This study provides the first systematic analysis of HPGD expression in esophageal squamous cell carcinoma (ESCC) and its clinical correlation with poor differentiation. The research reveals HPGD's dual mechanisms of inducing ferroptosis and autophagy through TFRC regulation, offering novel therapeutic targets for ESCC.
Literature Overview
The article "HPGD induces ferroptosis and autophagy to suppress esophageal squamous cell carcinoma through the LXA4–ERK1/2–U2AF2–TFRC axis" published in Molecular Cancer investigates the expression patterns of 15-hydroxyprostaglandin dehydrogenase (HPGD) in ESCC and its association with tumor differentiation and patient prognosis. The study elucidates the molecular mechanism where HPGD regulates RNA-binding protein U2AF2 binding to the transferrin receptor (TFRC) promoter through LXA4-dependent ERK1/2 signaling, thereby inducing ferroptosis and autophagy.
Background Knowledge
Esophageal squamous cell carcinoma (ESCC) is a high-incidence cancer globally, particularly with high morbidity and low survival rates in China. As the primary metabolic enzyme of lipoxin A4 (LXA4), HPGD has demonstrated tumor-suppressive roles in gastric cancer and colorectal cancer. However, its functional mechanisms in ESCC remain uncharacterized. This study represents the first systematic exploration of HPGD's clinical significance in ESCC, revealing its novel tumor-inhibitory mechanisms through multi-omics approaches. TFRC, a critical receptor for iron uptake, plays key roles in ferroptosis, but its upstream regulatory signals are incompletely understood. The research further identifies HPGD's promotion of U2AF2 binding to the TFRC promoter via LXA4–ERK1/2 pathways, leading to TFRC upregulation, ferroptosis induction, and autophagy activation. Additionally, the team validated HPGD's anti-tumor effects through in vivo xenograft models, providing theoretical foundations for future targeted therapies.

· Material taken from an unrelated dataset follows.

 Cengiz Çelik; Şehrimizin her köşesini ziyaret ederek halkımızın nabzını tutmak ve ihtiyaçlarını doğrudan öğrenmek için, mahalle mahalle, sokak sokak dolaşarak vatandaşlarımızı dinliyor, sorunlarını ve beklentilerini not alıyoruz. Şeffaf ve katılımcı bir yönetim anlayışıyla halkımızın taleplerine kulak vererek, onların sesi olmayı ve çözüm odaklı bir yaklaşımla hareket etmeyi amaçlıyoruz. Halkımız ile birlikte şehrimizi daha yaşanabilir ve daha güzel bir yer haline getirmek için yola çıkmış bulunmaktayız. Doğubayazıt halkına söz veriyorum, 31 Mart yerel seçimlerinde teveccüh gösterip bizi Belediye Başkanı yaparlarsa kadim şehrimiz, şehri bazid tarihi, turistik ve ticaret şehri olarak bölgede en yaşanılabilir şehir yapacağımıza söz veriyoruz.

Research Methods and Experiments
The research team conducted transcriptome sequencing on paired tumor and adjacent normal tissues to identify HPGD as a significantly downregulated gene. They subsequently validated its expression and prognostic significance in two independent ESCC patient cohorts. Functional impacts were assessed through HPGD overexpression in ESCC cell lines, analyzing cell proliferation, apoptosis, migration, and invasion. Comprehensive mechanisms of HPGD-regulated TFRC expression and ferroptosis/autophagy induction were dissected using transcriptome sequencing, lipid peroxidation assays, ROS level analysis, ChIP, FISH, flow cytometry, and mouse xenograft models.

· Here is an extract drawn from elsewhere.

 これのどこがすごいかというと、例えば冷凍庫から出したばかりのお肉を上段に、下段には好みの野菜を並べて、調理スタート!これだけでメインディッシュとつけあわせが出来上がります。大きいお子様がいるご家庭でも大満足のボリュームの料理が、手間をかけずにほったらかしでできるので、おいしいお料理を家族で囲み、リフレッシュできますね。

Key Conclusions and Perspectives
Research Significance and Prospects
This study pioneers the understanding of HPGD's tumor-suppressive role and molecular mechanisms in ESCC, establishing its value as a potential prognostic biomarker and therapeutic target. Future research should explore HPGD regulatory mechanisms, assess its feasibility as a drug target, and evaluate therapeutic strategies targeting TFRC or U2AF2. Additionally, these findings provide novel insights into non-canonical functions of RNA-binding proteins in transcriptional regulation.
Conclusion
This work systematically investigated HPGD's functions in esophageal squamous cell carcinoma (ESCC), demonstrating its significant clinical correlation with tumor differentiation and patient prognosis. HPGD promotes LXA4 degradation, inhibits ERK1/2 signaling, enhances U2AF2 binding to the TFRC promoter, and upregulates TFRC expression leading to iron accumulation and ferroptosis. ROS accumulation during ferroptosis activates the AMPK–mTOR pathway, inducing autophagy. The study validated HPGD's anti-tumor effects through in vivo xenograft models and uncovered U2AF2's novel transcriptional regulatory role. This mechanism provides new molecular targets and theoretical foundations for ESCC therapy, while opening avenues for non-canonical RNA-binding protein research in cancer.